• _TASK ITEM_: Give the data below again exactly as written, but without the pictures.

• _MATERIAL FOR THIS EXERCISE_:
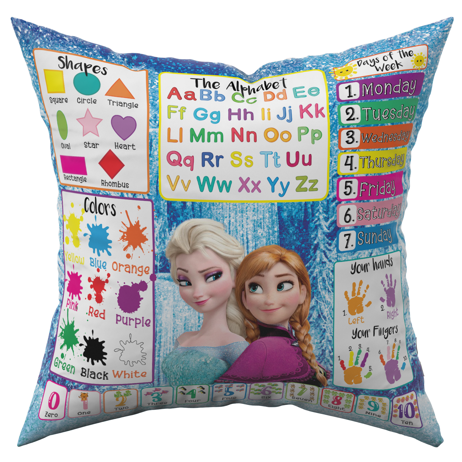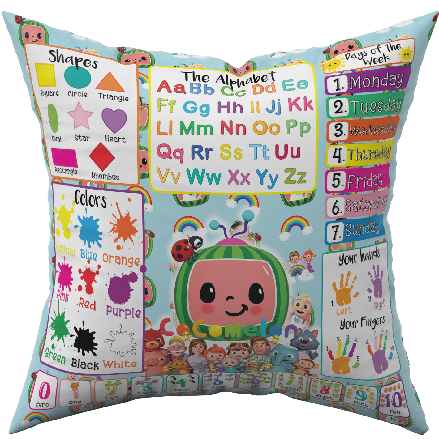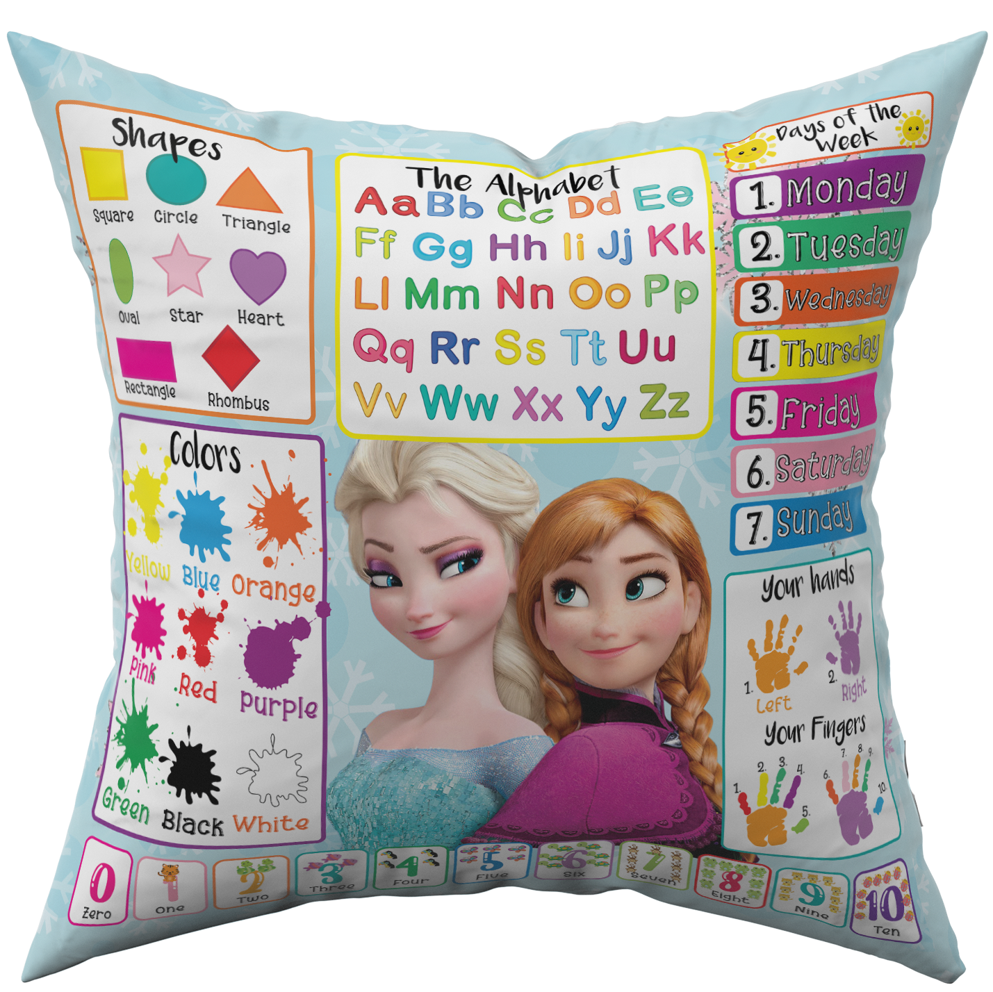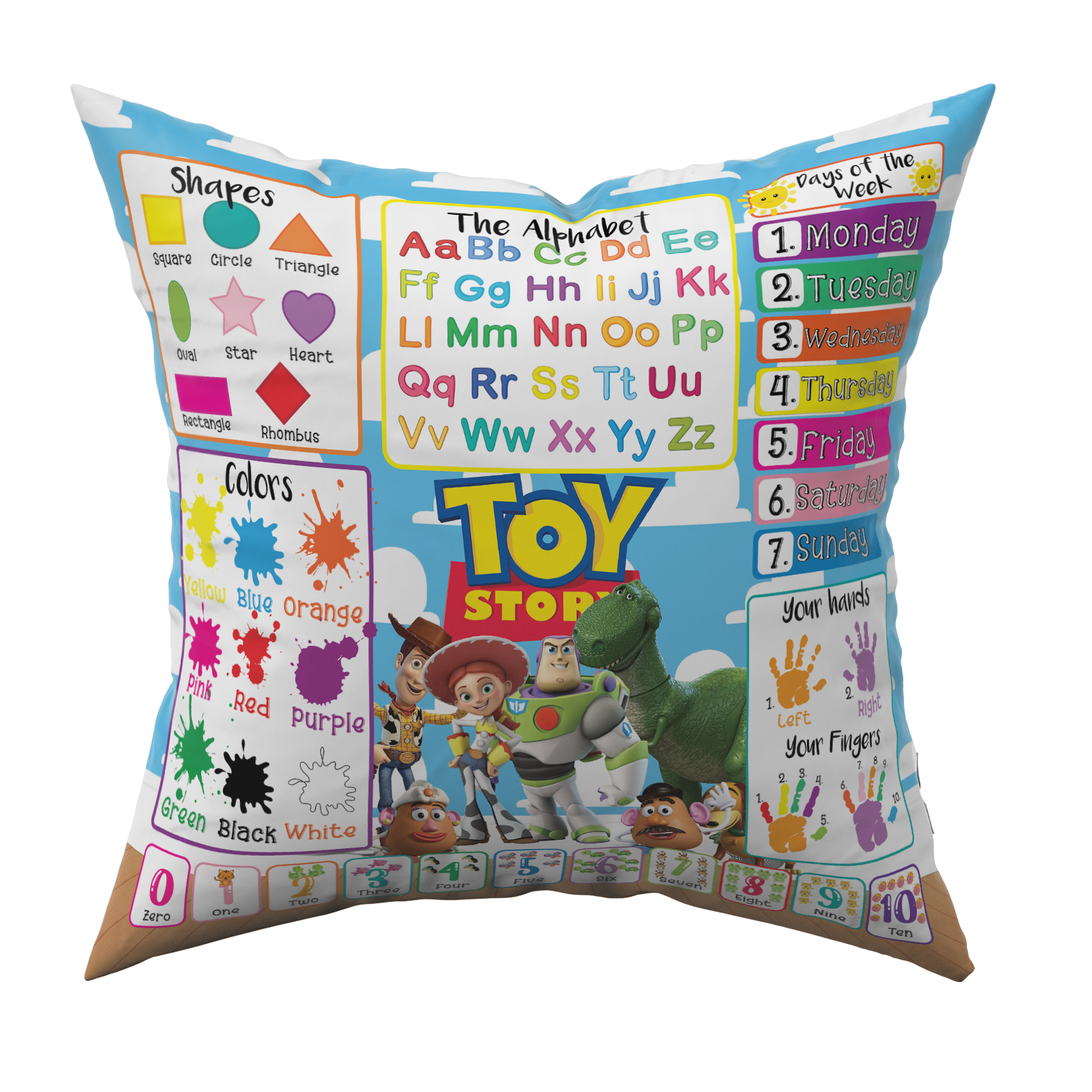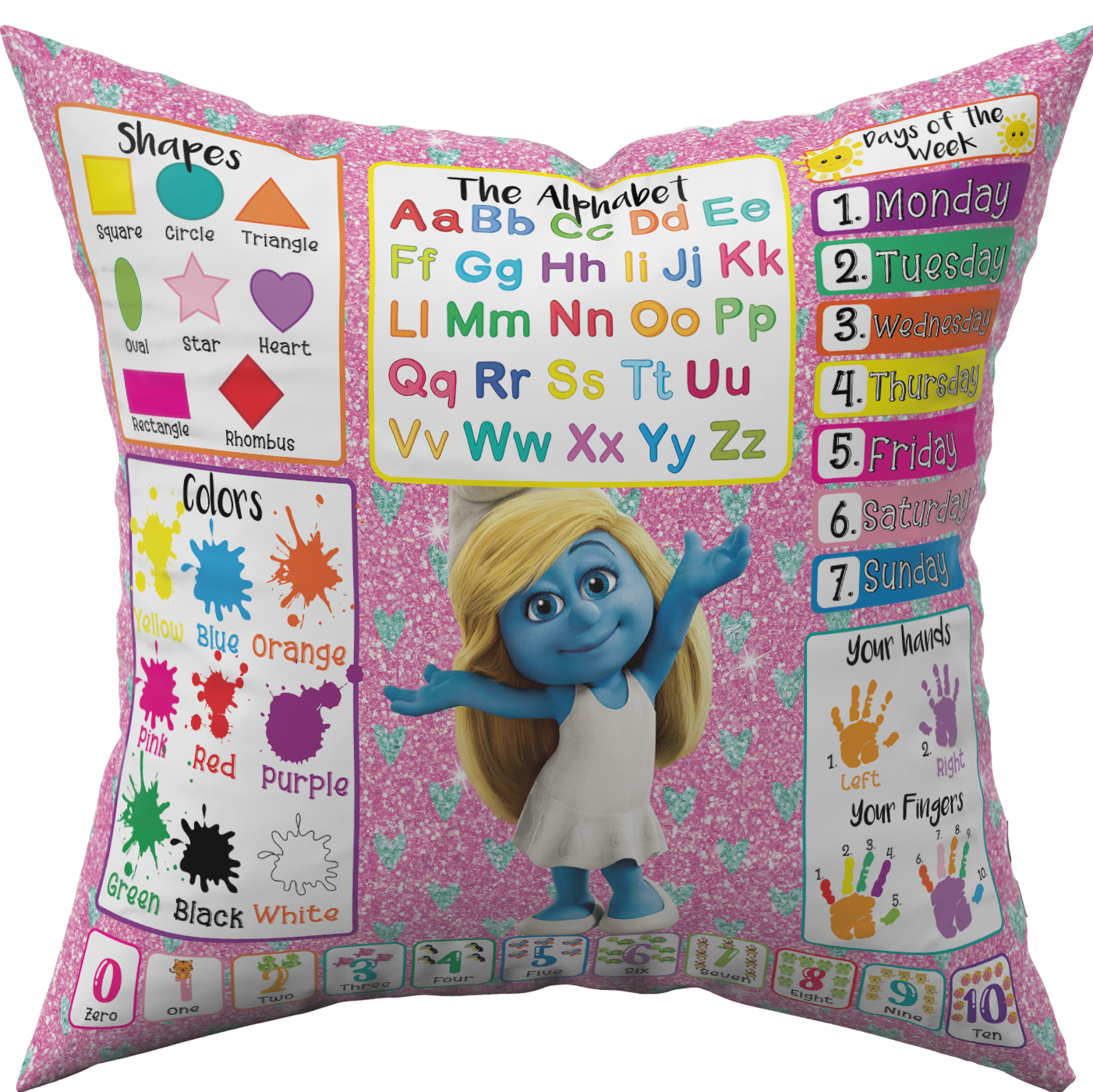 Character inspired that's really cute and fun for kids to learn. Personalize with the child's name so they can learn to spell their name. With this pillow they can learn the days of the week, colors, letters and shapes and more with this fun pillow! Makes a great birthday or Christmas gift.
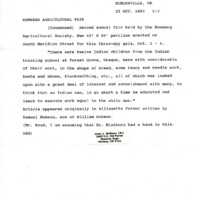 A from a newspaper article describing the display of twelve children from the Forest Grove Indian Training School at an agricultural fair in Newberg in 1883. The article was transcribed from the Yamhill Reporter; it originally appeared in the Willamette Farmer, according to notes on the page.
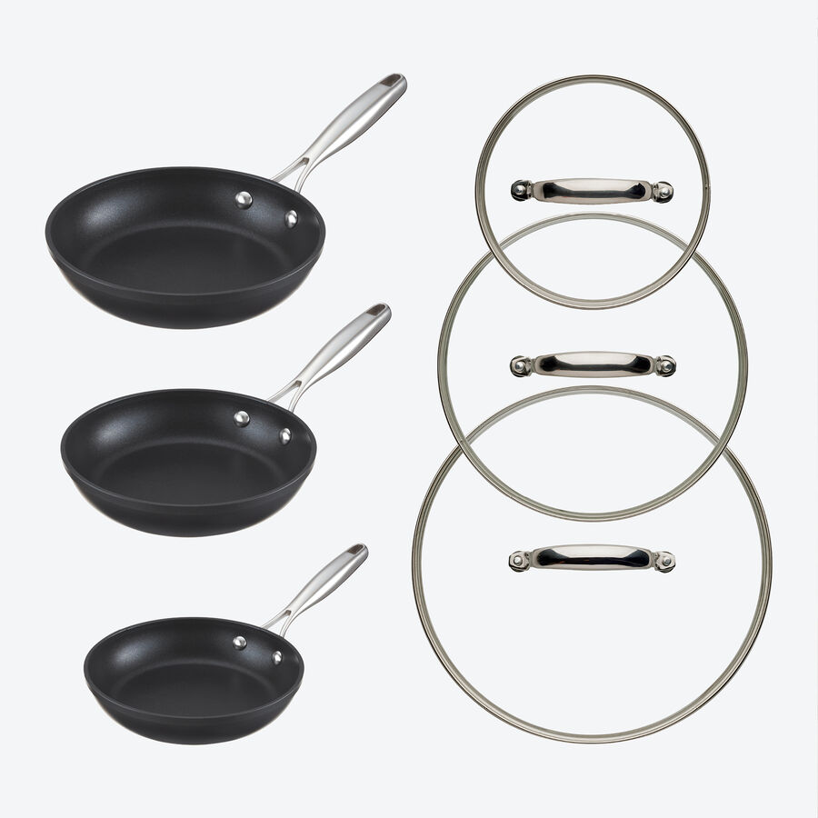 Lot de 3 : poêles professionnelles Hagen Grote en aluminium anodisé, avec couvercle
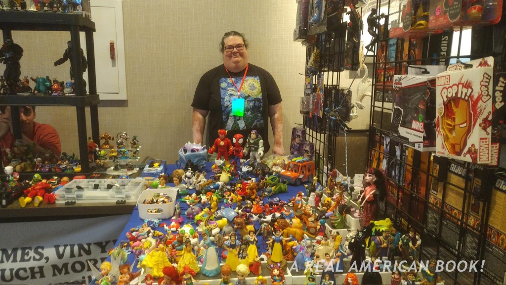 It was now 9:15am. The con’s “preview” hour was underway, the first panel was at 10, and I was running out of time. I crossed the lobby and saw Vinnie D’Alleva with a roller bag. Surely he wasn’t leaving this early? The image made me a little sad — someone departing a con, especially a guest. But no, D’Alleva still had “signing hours” at his table in the showroom, and was maybe part of a panel later on. He was probably bringing his luggage to the front desk in advance of checkout, and would probably head out in the afternoon or early evening. But the last day of a con is always a bit melancholy.
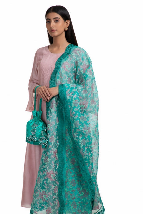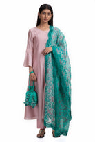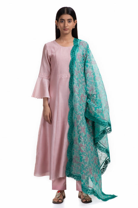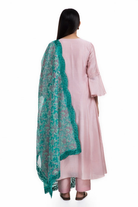A Pale Pink handwoven Chanderi kurta, perfectly complements the Pale Pink cotton pants, creating a harmonious blend of comfort and style. Completing the look is a Bottle Green block printed Silk Organza dupatta, embellished with intricate Silk thread embroidery, creating a unique charm.
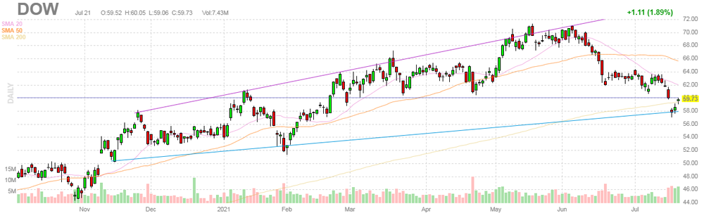 DOW rose to $60.57 (+1.41%) in pre-market trading.
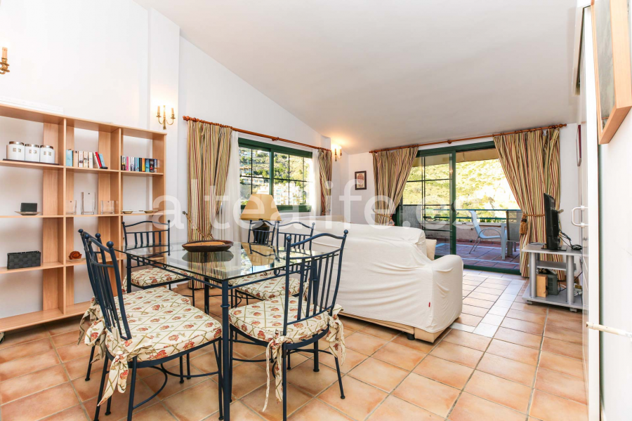 La propiedad destaca por su impresionante terraza privada, diseñada como una auténtica prolongación del salón gracias a sus grandes ventanales correderos y persianas mallorquinas, aportando carácter mediterráneo y una excelente entrada de luz natural.
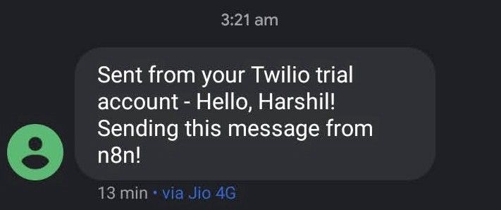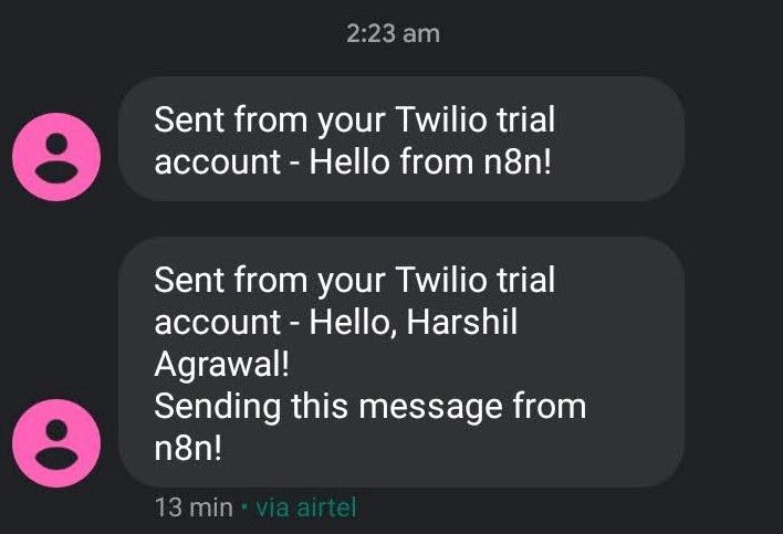 Congratulations, you have learned how to send an SMS with n8n!
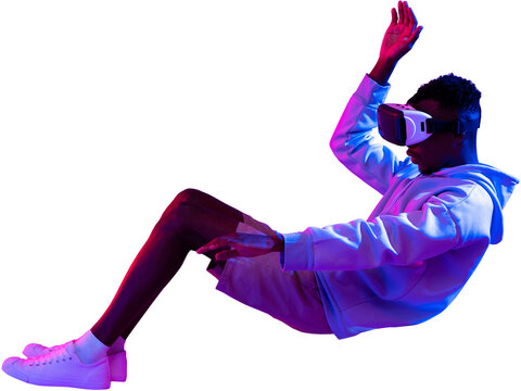 Teenage boy immersed in virtual reality experience wearing vr headset
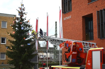 Fotos (Bildquelle: Stadt Eislingen): Mithilfe der Drehleiter wurde der Baum bis zur obersten Spitze geschmückt.
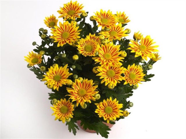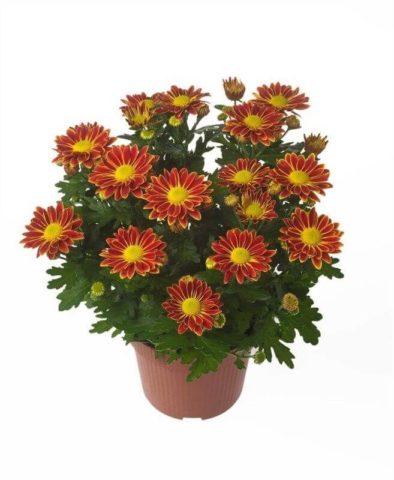 Se trata de una variedad de crisantemos en maceta que se convierte en un pequeño arbusto compacto de no más de 0,3 m de altura, cuyo rasgo distintivo es el color bicolor de los pétalos en forma de franjas longitudinales.
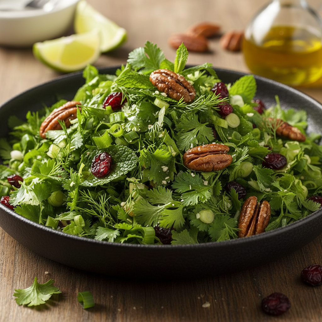 עשבי תיבול קצוצים, פקאנים בקרמל, שמן זית, מיץ ליים וחמוציות
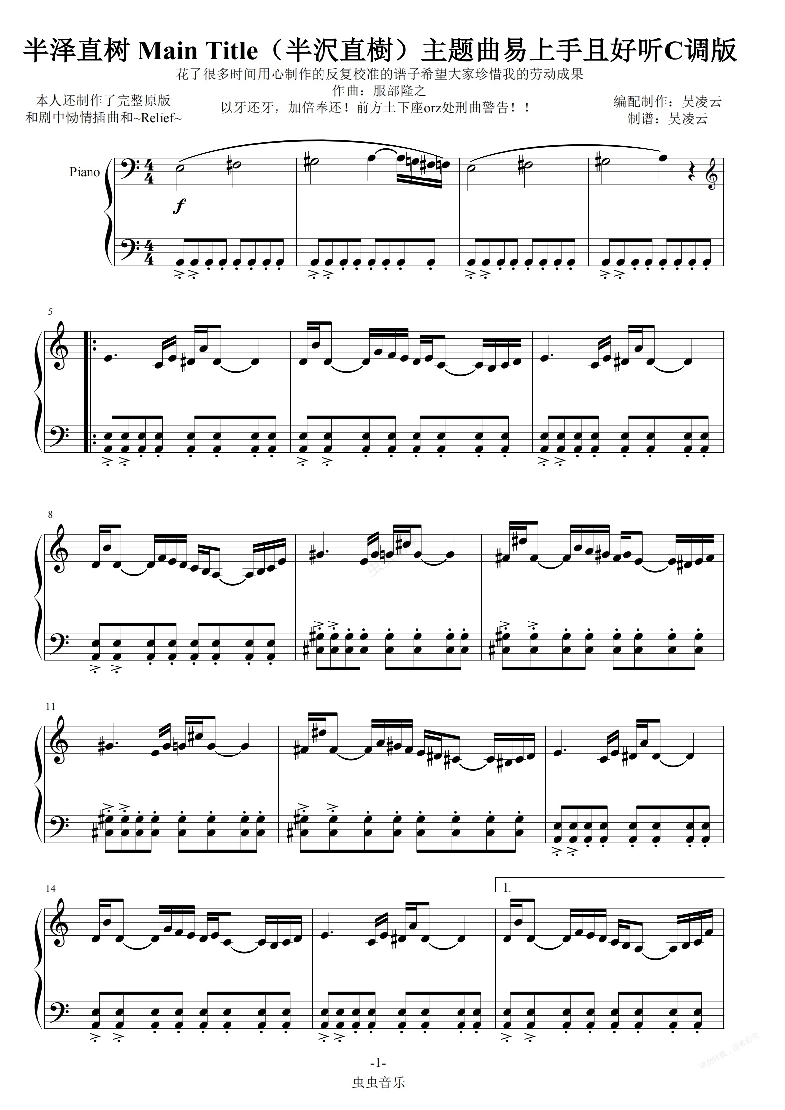 钢琴谱:半泽直树 Main Title(半沢直樹)主题曲易上手且好听C调版 吴凌云制作钢琴版
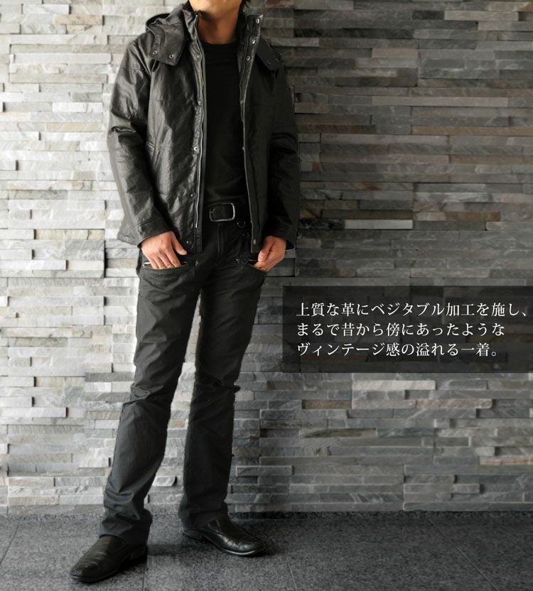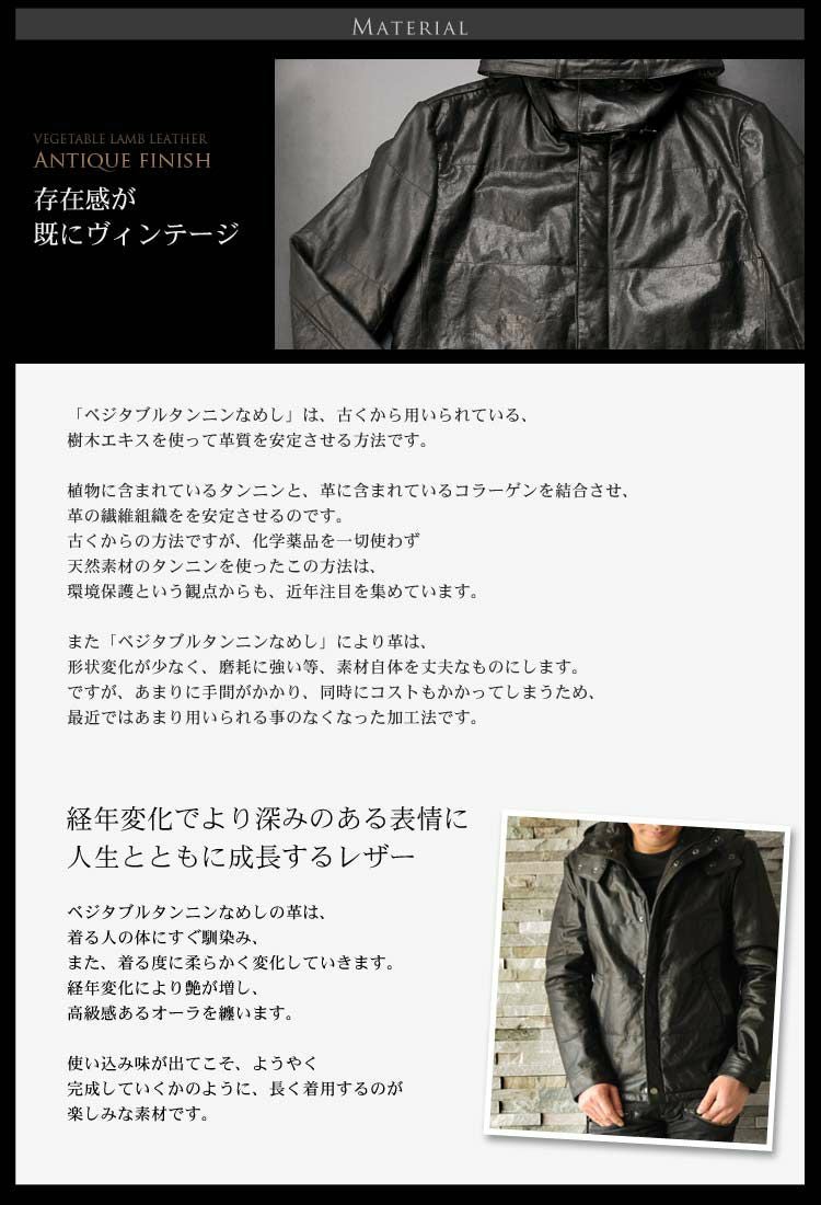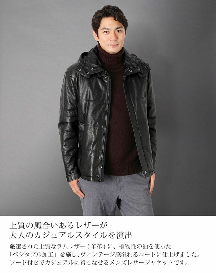 ラム レザー メンズ ジャケット ベジタブル加工 フード付き ブラック M/L/LL/3L 7F
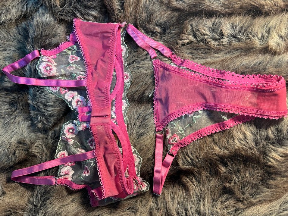 Koyu pembe bohem tarzda, nakışlı çiçek desenli sütyen ve külot takımı. Ayarlanabilir askılar ve ince detaylarla midi uzunluğunda.

• _RESPONSE AREA_:
 Character inspired that's really cute and fun for kids to learn. Personalize with the child's name so they can learn to spell their name. With this pillow they can learn the days of the week, colors, letters and shapes and more with this fun pillow! Makes a great birthday or Christmas gift.
 A from a newspaper article describing the display of twelve children from the Forest Grove Indian Training School at an agricultural fair in Newberg in 1883. The article was transcribed from the Yamhill Reporter; it originally appeared in the Willamette Farmer, according to notes on the page.
 Lot de 3 : poêles professionnelles Hagen Grote en aluminium anodisé, avec couvercle
 It was now 9:15am. The con’s “preview” hour was underway, the first panel was at 10, and I was running out of time. I crossed the lobby and saw Vinnie D’Alleva with a roller bag. Surely he wasn’t leaving this early? The image made me a little sad — someone departing a con, especially a guest. But no, D’Alleva still had “signing hours” at his table in the showroom, and was maybe part of a panel later on. He was probably bringing his luggage to the front desk in advance of checkout, and would probably head out in the afternoon or early evening. But the last day of a con is always a bit melancholy.
A Pale Pink handwoven Chanderi kurta, perfectly complements the Pale Pink cotton pants, creating a harmonious blend of comfort and style. Completing the look is a Bottle Green block printed Silk Organza dupatta, embellished with intricate Silk thread embroidery, creating a unique charm.
 DOW rose to $60.57 (+1.41%) in pre-market trading.
 La propiedad destaca por su impresionante terraza privada, diseñada como una auténtica prolongación del salón gracias a sus grandes ventanales correderos y persianas mallorquinas, aportando carácter mediterráneo y una excelente entrada de luz natural.
 Congratulations, you have learned how to send an SMS with n8n!
 Teenage boy immersed in virtual reality experience wearing vr headset
 Fotos (Bildquelle: Stadt Eislingen): Mithilfe der Drehleiter wurde der Baum bis zur obersten Spitze geschmückt.
 Se trata de una variedad de crisantemos en maceta que se convierte en un pequeño arbusto compacto de no más de 0,3 m de altura, cuyo rasgo distintivo es el color bicolor de los pétalos en forma de franjas longitudinales.
 עשבי תיבול קצוצים, פקאנים בקרמל, שמן זית, מיץ ליים וחמוציות
 钢琴谱:半泽直树 Main Title(半沢直樹)主题曲易上手且好听C调版 吴凌云制作钢琴版
 ラム レザー メンズ ジャケット ベジタブル加工 フード付き ブラック M/L/LL/3L 7F
 Koyu pembe bohem tarzda, nakışlı çiçek desenli sütyen ve külot takımı. Ayarlanabilir askılar ve ince detaylarla midi uzunluğunda.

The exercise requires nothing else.